Папа тоже не верил:
- Да ну, какой ещё офицер!
На единственной юношеской фотографии Пётр в шинельке с чужого плеча смотрелся маленьким солдатиком, жалким цыплёнком. Впрочем, при внимательном рассмотрении шинелька оказалась офицерским пальто образца 1855 года: двубортным, с отложным воротником, горизонтально прорезанными карманами, двумя рядами пуговиц и застёжкой на правую сторону.
Полевая сумка, оружие и бинокль относились к снаряжению офицера, и кокарда на фуражке напоминала офицерскую - овальную, с зубчиками, широкой серебряной полосой и чёрным овалом.
Российская армейская мода была многообразна и изменчива. Вот доказательство: подробный справочник “Историческое описание одежды и вооружения российских войск” 1899-1901 гг. состоял из 19 томов. Всю эту кучу предписаний было нереально учесть, и правила порой нарушались. Офицер, например, мог пойти в бой в солдатской шинели, чтобы не бросаться в глаза. Поэтому мы упорно продолжали отрицать очевидное и считать, что одежда Петра - маскарад.
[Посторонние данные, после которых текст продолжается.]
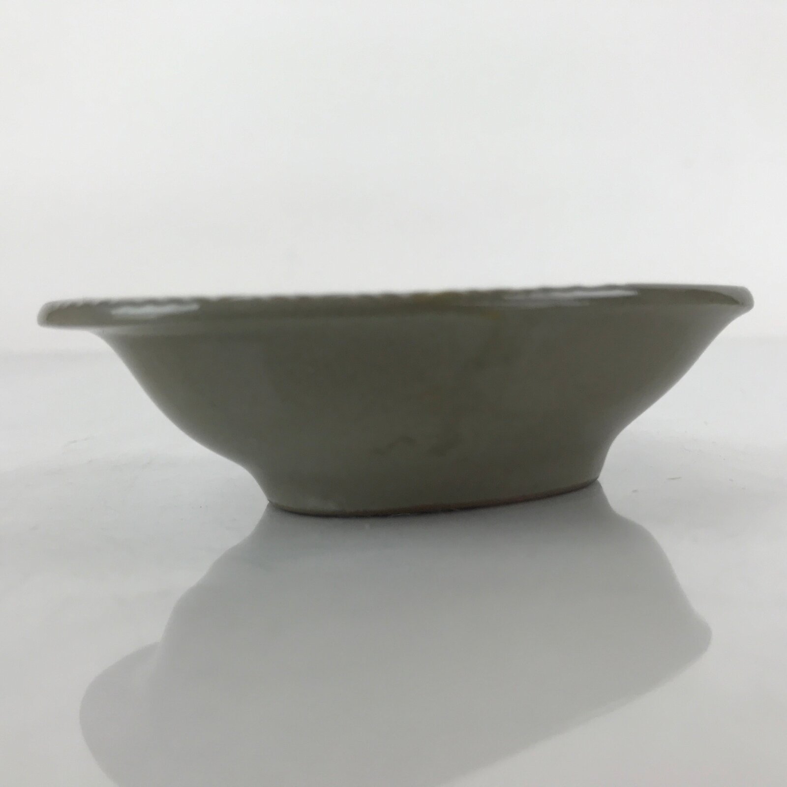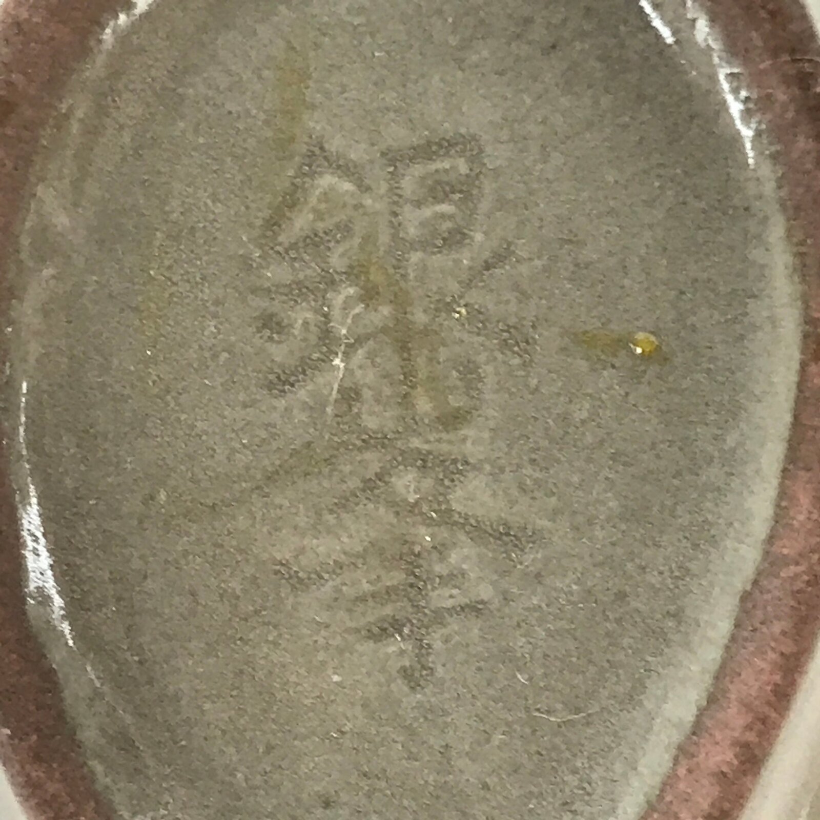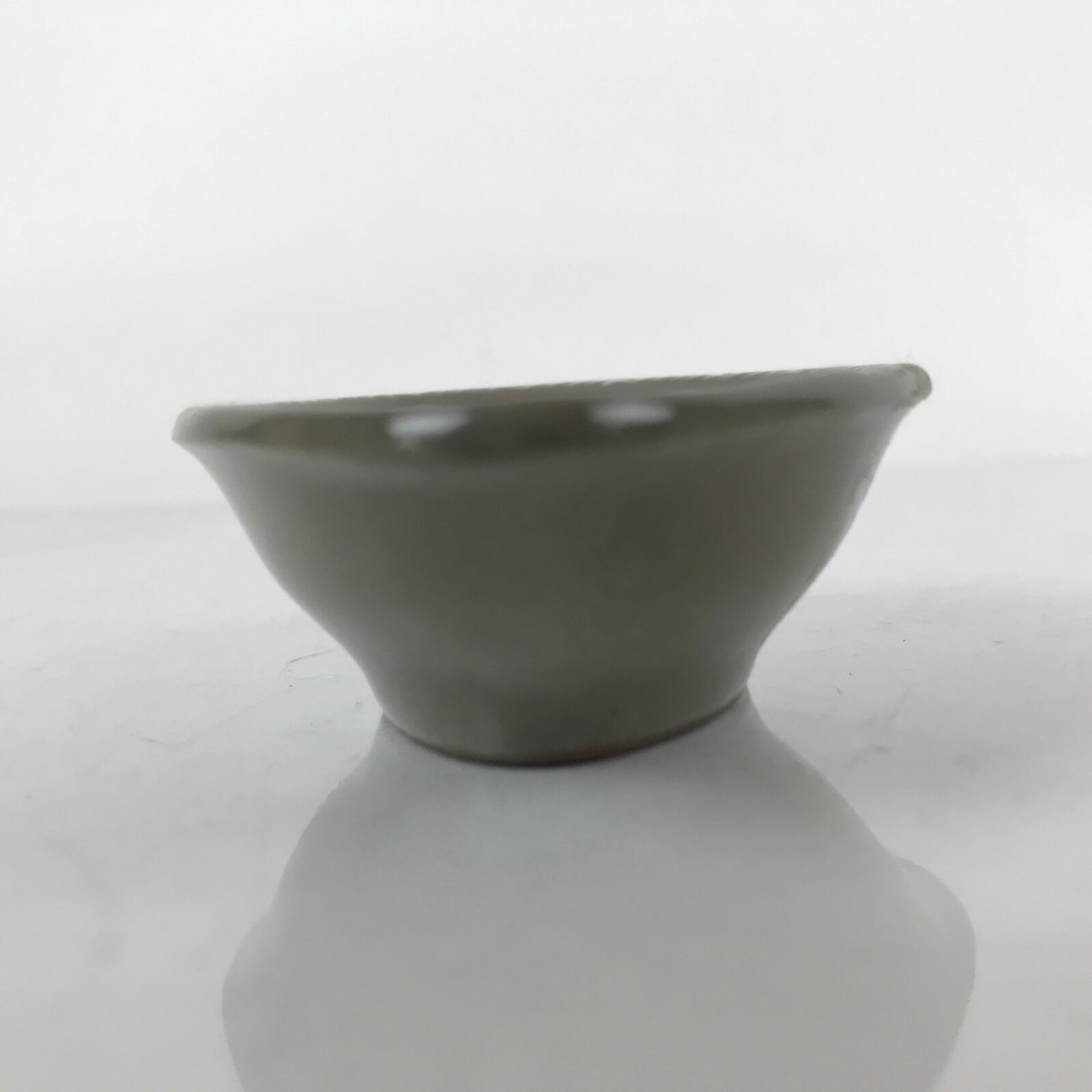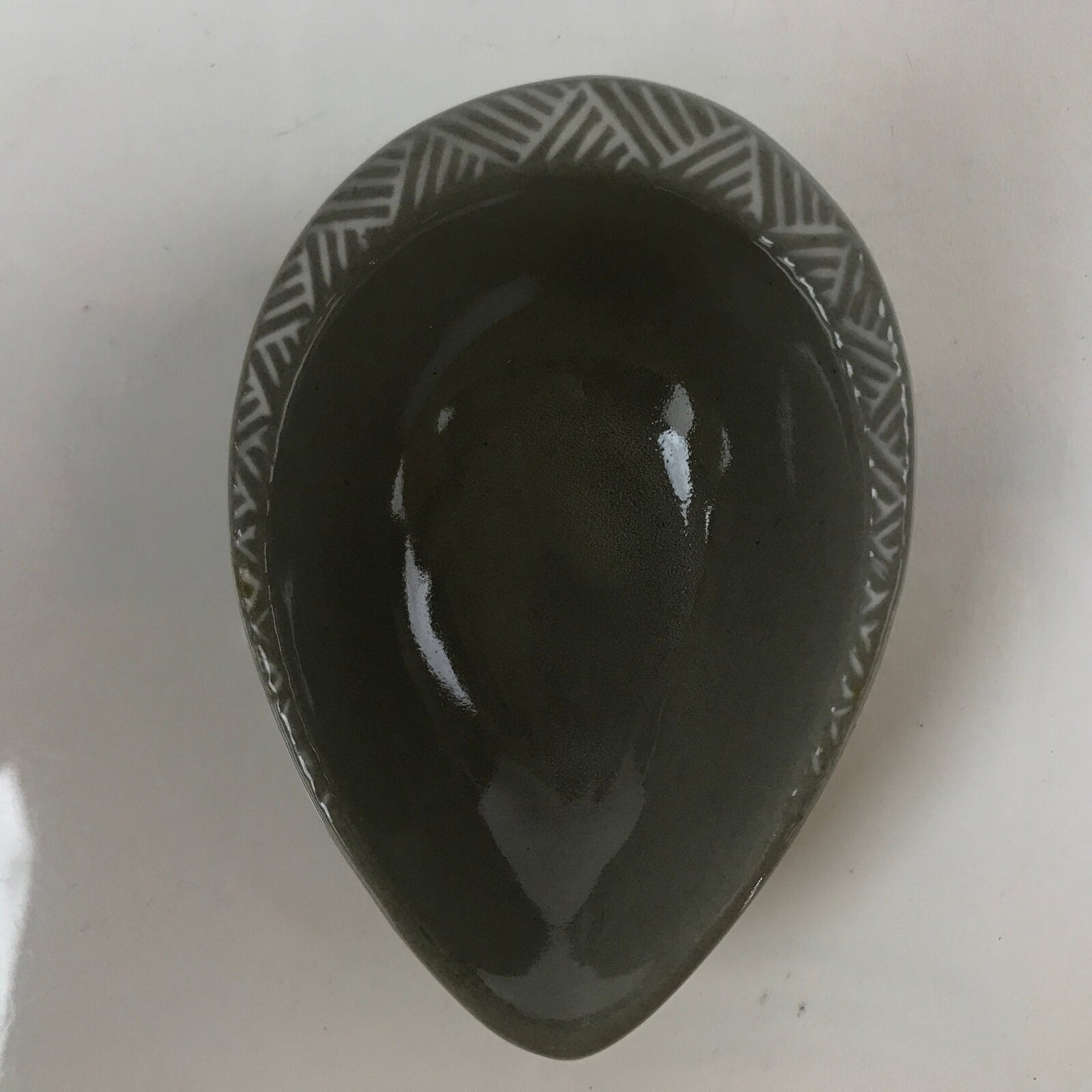 This is a Japanese vintage ceramic spoon with matching stand/rest. This type of spoon (chirirenge/renge) is used when eating ramen noodles or other soup dishes like nabe hot pot. They can also be used to eat fried rice. The spoon has an easy to hold handle and features a solid gray glaze and a white lined pattern with a chrysanthemum at the very end of the handle. This style of pottery is called “banko ware” and is made by Ginpo. The stand is a teardrop shape with the same design and color and has a maker’s stamp on the bottom.

Но для верности всё же показали фото на форуме по униформистике. И что вы думаете? Специалисты единогласно признали в Петре офицера и датировали снимок самое раннее 1914 годом: именно тогда у офицеров появились защитные погоны, клапаны у ворота и обшитые защитной тканью пуговицы.
Ну что ж, офицер так офицер. Мы забрались в базу историка С.В.Волкова “Участники Белого движения”, и там действительно нашёлся Петр Лампетов:
“Родился 12 июня 1885 г. в Саратовской губ.
Из крестьян.
Реальное училище.
Саратовская школа прапорщиков 1916 г.
Прапорщик. В белых войсках Восточного фронта. На 1 августа 1918 г. в Офицерской кадровой роте (Челябинск). 12-21 августа 1918 г. в 3-м Башкирском полку.
Холост. Мать 1858 г. Брат 1892 г.”
Вскоре из ГАСО (Екатеринбург) мы получили дело по ходатайству Петра о восстановлении в правах. Сведения подтвердились, и добавились новые:
- Пётр родился в селе Большие Копёны.
- Примерно с 1898 г. жил в Щучьем.
- До 1914 года занимался хлебопашеством и мелкой торговлей хлебом и зерном.
- С 1914 по 1916 служил рядовым 109 запасного полка.
Мы разобрались, как Пётр стал офицером.
Офицерский чин обычно получали выпускники военных училищ. В начале Первой мировой ситуация изменилась: больше двадцати тысяч офицеров было убито, и пришлось срочно открыть школы прапорщиков, чтобы готовить младших командиров за 3-4 месяца. Потери росли, и в 1916 году школ стало уже 36.
Саратовская школа возникла в конце 1915 года. Юнкерам преподавали тактику, стрелковое, окопное и пулемётное дело, топографию, строевую и полевую подготовку и много чего ещё.
Распорядок дня был довольно плотным:
в 6 утра подъем, подававшийся трубачом или горнистом;
с 6 до 7 утра время для приведения себя в порядок, осмотра и утренней молитвы;
в 7 часов утренний чай;
с 8 утра и до 12 дня классные занятия по расписанию;
в 12 часов завтрак;
с 12.30 до 16.30 строевые занятия по расписанию;
в 16.30 обед;
с 17 до 18.30 личное время;
с 18.30 до 20.00 приготовление заданий и прочитанных лекций к следующему дню;
в 20.00 вечерний чай;
в 20.30 вечерняя повестка и перекличка;
в 21.00 вечерняя зоря и отбой.
Поступить в школу мог любой мало-мальски образованный человек после нескольких классов гимназии или реального училища. Образованные люди составляли примерно 20% населения, и можно себе представить, какие возможности открылись перед Петром.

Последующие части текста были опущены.